If I had to pick the one thing I've consistently been working towards and struggling with, it is a deeper connection with my intuitive self. Recently, I picked up Clarissa Pinkola Estés Women Who Run With the Wolves, a book I bought way back when everyone was reading it. Based upon the bookmark still in the book, I never finished it. I started reading it again this past weekend and it speaks to me now in ways I realize I was in no way ready to comprehend when I was younger. The one gift of getting older is re-discovering art, books, words that reveal insights visible only to eyes that have seen and experienced more of Life.
Reading Estés, I am uncovering where I am in the process of reclaiming the gifts I believed where closed off to me. Cultivating the ability to listen to and then trust my intuition is my major task in learning to believe in myself as a creative, competent, loveable and loving person. It is comforting to read that one never loses one's intuitive abilities; it is the connection to one's inner wisdom that is weak and needs to be rebuilt. But there still has to be in place some sort of trusting of that voice. My problem has always been discerning which is the voice of fear scaring me away from my soul's dreams, and intuition which is working on my behalf to keep me safe and on course.
So I read this passage with senses alerted: "There is no greater blessing mother can give her daughter than a reliable sense of the veracity of her own intuition. Intuition is handed from parent to child in the simplest ways: 'You have good judgment. What do you think lies hidden behind all this?'" As a daughter and now as a mother, this transmission of trust leaps out at me as The Task that proceeds all others. How to recreate this transmission for myself is the question.
I've read about strengthening intuition by starting small. Driving to work, I gently inquire "which route should I take today?" And then I ventured off my usual route and land smack in the middle of an accident and huge traffic jam. My problem is, I'm not clear as to which voice speaks first and like a dog sitting between two toys, I'm conflicted as to which impulse to act upon.
But I am reminded of the one time when I stayed the course, even when all signs appeared to be telling me to change direction. Thinking about Cowgirl and her centrality in my life, I realize I dwell on her so much because for so long I tried to convince myself that parenting was not the right path for me. When I was younger, I would say "one day I want to have a child ... just not now." "Not now" stretched out over years and then I began to believe maybe being a mother was not a role I wanted to take on. I was teaching yoga, deep into my own studies, loved to travel and I needed and craved solitude on a regular basis. A child just would not fit into my life.

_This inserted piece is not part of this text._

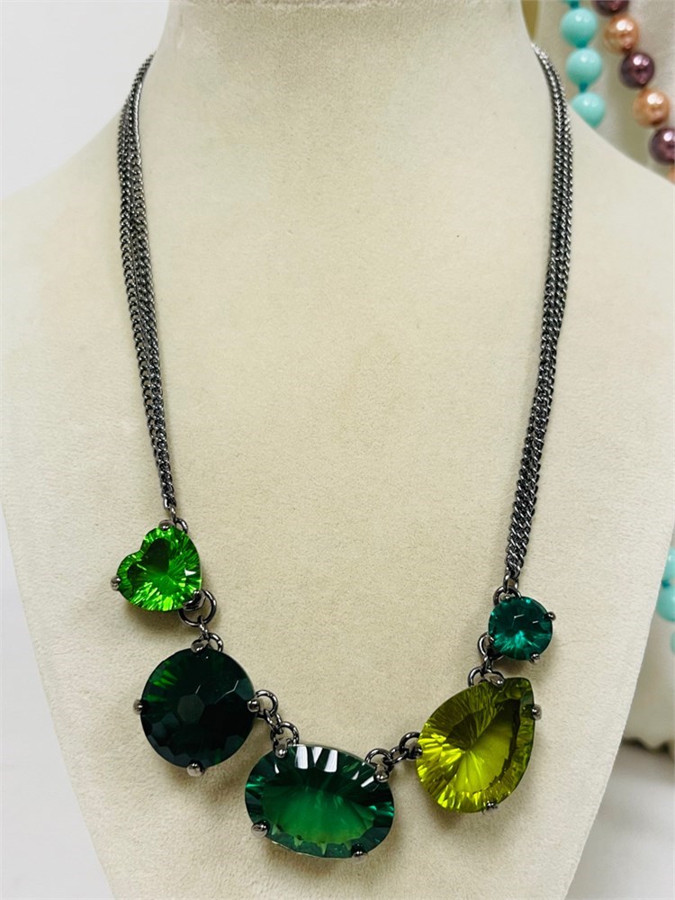 Clover Green Large 18mm Oval Crystal Necklace / Antique Silver

Thankfully, there was a teeny tiny part of me that recognized the deep sadness whenever I would say "I don't think so" in response to the question "do you want to have children?" Wiser women recognized the fear and doubt in my eyes because that is exactly what held me back from embracing the notion of motherhood. I can point to one conversation over tea where the seeds of believing were planted in my consciousness by a dear friend who talked about how parenting would transform me and my practice.
A few years later (because it does take me that long to let trust to sink in) I found myself unexpectedly pregnant. Here was the sign I was waiting for! The universe was telling me the direction to move. Except a few weeks later I miscarried. So what now? Looking for signs, I would say I was being directed towards my original course. Except I ignored those "signs" and decided to follow my heart. And that path was like wading forward into the ocean, wave after wave trying to knock me over. Each step required me to stand strong, affirming "yes, I want this" when everything seemed bent on dissuading me from my dream.
I am realizing intuition is not always a voice that I will hear in my head. Intuition, for me, comes when I act before thinking. I believe the impetus comes from my heart. It is a feeling inside that directs me to impulsively sign up for a course that I've just heard about; say "yes" to a spontaneously offered invitation; run after a person I just met in store and invite them to a concert; lock eyes with a dog or cat and declare "that one!"; or pick up the phone and ask for an application to adopt. Connecting to my intuition is like trying to hold onto a soap bubble: try too hard and it pops. I have to stay soft, open and relaxed.
When I think about some of these moments when I was guided by my intuition, I think "those were a good decisions; what lies hidden behind all of it?" In ever instance, a force greater than myself moved me to act. Looking at my daughter, I realize the only thing that could have conquered my immense fear and doubt was Love. I focus upon her in my art and my writing because she is the most tangible sign of my living Fearlessly. In remembering that act, I am connected with my inner Warrior. I recognize my power and I know I will cultivate a healthy relationship with my inner sage.
Most of all, I hope to teach my daughter to hear and trust hers.
above is a project for the Radiant Goddess ecourse. Together, Cowgirl & I painted with our fingers our expression of Radiance.